Als instrument werd het bespeeld op de schoot horizontaal dan wel verticaal of hangend voor de borst en aangeslagen met lepels en andere gebruiksvoorwerpen zoals flesopeners. Ook werden vingerhoeden gebruikt voor de meer jazzachtige muziek met meer complexe ritmes en waar ook veel syncopen werden geslagen.. Het werd snel populair als percussie-instrument. Het ontwerp van het wasbord is altijd hetzelfde gebleven en er werd soms aanvullende percussie aan toegevoegd zoals koebellen, kleine simbalen en holle houtblokken.
Voor de Louisianne zydecomuziek werd er zelfs een apart model wasbord ontworpen, de Frottoir of de Zydeco rub-board. Het werd in 1946 ontworpen door Clifton Chenier, de King of Zydeco, en bespeeld door zijn broer, Cleveland Chenier met flesopeners. Het model wordt op de borst gespeeld en heeft ronde, gebogen uiteinden die over de schouders worden geslagen.

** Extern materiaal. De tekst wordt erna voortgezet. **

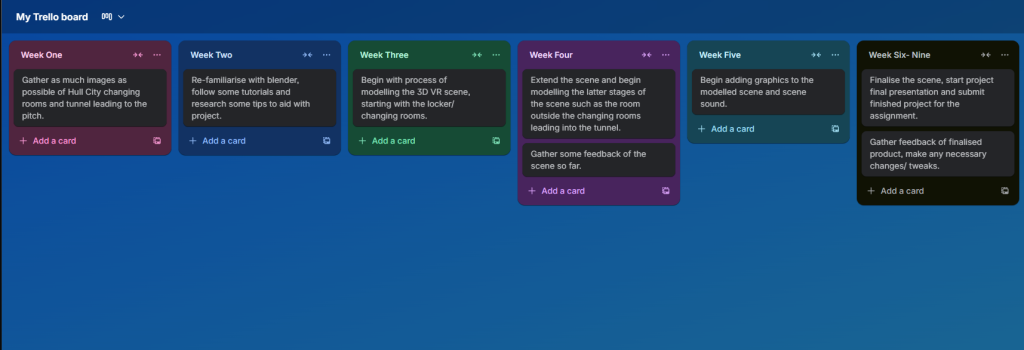 Using Trello Boards allowed me to give myself a clear and organised idea of how I aim to arrange and design my project in stages week by week. The gap between this assignment due date and the final production piece due date is 9 weeks so I have split it into an initial six weeks which gives me three weeks spare which can be used as extra time for any of the stages if need be.

Cleveland Chenier en zijn model wasbord
en de muziek
De Muziek waar een wasbord in voorkomt
De Jugband was een verzamelnaam van de eerste bands die een mix gebruikten van zelfgemaakte instrumenten en traditionele instrumenten die langzamerhand ook hun weg hadden gevonden naar landelijk Amerika. De eerste Jugbands bestonden uit zwarte muzikanten die met name optraden in de zogenaamde Medicin shows, een soort reizende braderie die onder andere ‘medicijnen’ aan de man moesten brengen. Tot de tweede Wereld Oorlog hebben deze shows bestaan vooral in het Midwesten en het landelijke Zuiden van Amerika. Ook heeft deze muziek direct geleid naar de blues en mede gezien de rauwe energie van deze muziek leidde dit ook uiteindelijk naar de ontwikkeling van Rock&Roll.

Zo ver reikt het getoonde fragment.